I’ve written before about Leroy Sievers’ cancer blog at NPR, but I visited it today after hearing about a teacher’s recent death from lung cancer. Once again I’m struck with the immensely deep community that has sprung up through Leroy Sievers’ honesty and writing. I’m grateful to NPR for supporting such a caring and helpful resource.

if you want to learn how to live…

May 4, 2007

listen to those who speak with death every day. I’m reading Leroy Sievers’ My Cancer blog, which is hosted on the NPR website. Sievers was interviewed on Morning Edition this morning (“Leroy Sievers’ Cancer Conversations“) and he’ll be the subject of a documentary with Ted Koppel airing Sunday on the Discovery channel (“Living with Cancer“). The documentary was supposed to air after Sievers died, but he’s still here — after a 4-5-year remission from colorectal cancer, and after having his brain tumors blasted away with radiation this past January.

On Morning Edition, people who have posted to Sievers’ blog read some of their entries. One ballet teacher/dancer talked about looking in the mirror on Valentine’s Day and seeing an alien: no hair on her head, no eyelashes or eyebrows, no breasts, lots of scars. She then talked about getting into bed that night and her husband telling her how beautiful she was.
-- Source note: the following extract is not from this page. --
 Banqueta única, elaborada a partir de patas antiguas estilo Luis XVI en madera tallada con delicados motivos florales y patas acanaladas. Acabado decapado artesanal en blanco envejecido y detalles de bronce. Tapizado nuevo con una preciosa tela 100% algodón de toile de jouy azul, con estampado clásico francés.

Sievers’ blog post today talks about “What if?” What if he didn’t have the cancer? Several people with cancer who commented on today’s post say they don’t ask “What if?” but they do ask “What now?” Living in the moment, learning how to inhabit that now with love and compassion.
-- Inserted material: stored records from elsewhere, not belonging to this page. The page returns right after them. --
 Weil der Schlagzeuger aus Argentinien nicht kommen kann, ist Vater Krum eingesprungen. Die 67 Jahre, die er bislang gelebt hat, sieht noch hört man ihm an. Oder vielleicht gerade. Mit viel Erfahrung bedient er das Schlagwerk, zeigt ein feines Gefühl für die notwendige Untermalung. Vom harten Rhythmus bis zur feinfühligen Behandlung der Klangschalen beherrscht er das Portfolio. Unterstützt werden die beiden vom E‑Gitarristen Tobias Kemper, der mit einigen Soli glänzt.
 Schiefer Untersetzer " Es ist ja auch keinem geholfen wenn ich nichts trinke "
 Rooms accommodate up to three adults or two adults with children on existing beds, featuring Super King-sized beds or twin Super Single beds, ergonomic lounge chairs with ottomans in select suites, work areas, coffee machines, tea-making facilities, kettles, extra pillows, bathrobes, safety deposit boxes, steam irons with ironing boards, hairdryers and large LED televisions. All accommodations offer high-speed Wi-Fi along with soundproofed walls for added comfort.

I’m going back to reading the blog and the comments.

protesting war

March 18, 2007

About 400 protestors marched on downtown Denver yesterday. I’m planning on being at a candlelight vigil tomorrow night in Huntsville AL. We’re entering the fifth year of the Iraq War, the fifth anniversary of the war. “Anniversary” seems such an unfit word with all its trappings of celebration. There’s nothing to celebrate here. The front page of The Sunday Denver Post announces a lead article by Kevin Simpson called “Revived protests seek firm footing” and the top quarter of the paper is devoted to¬† news on Iraq and on protests. There’s a picture of a scarf-clad woman protestor with a white band around her forehead and tucked under her aqua scarf: the band has the word “PEACE” in capital letters black-inked in. Two-thirds of the visual space of the front page, however, is taken up by an article with the title “A world of charm & contradiction,” and tells us that “In Oklahoma, the pageant circuit is queen — and an industry.” The picture of five competing teens in the Miss Broken Arrow Outstanding Teen contest is three times the size of the head shot of sixteen-year-old Amina Khan, the anti-war protestor.

Kevin Simpson’s article raises some excellent points (it’s also well written). And I want to talk about those points later, but I’ve got to get to my WAT meeting where we talk about how to set up a writing retreat that builds a community of teacher-writer-scholars who use technology in teaching writing. So the quotation from Colorado state senator Mike Kopp, who presented a pro-war position at the downtown rally yesterday, is particularly appropriate: “My sense is that (the anti-war movement) is small pockets inflamed by the blog world.” Hmmm. I’ll talk about this later, because it’s part of a central point Simpson makes in his article.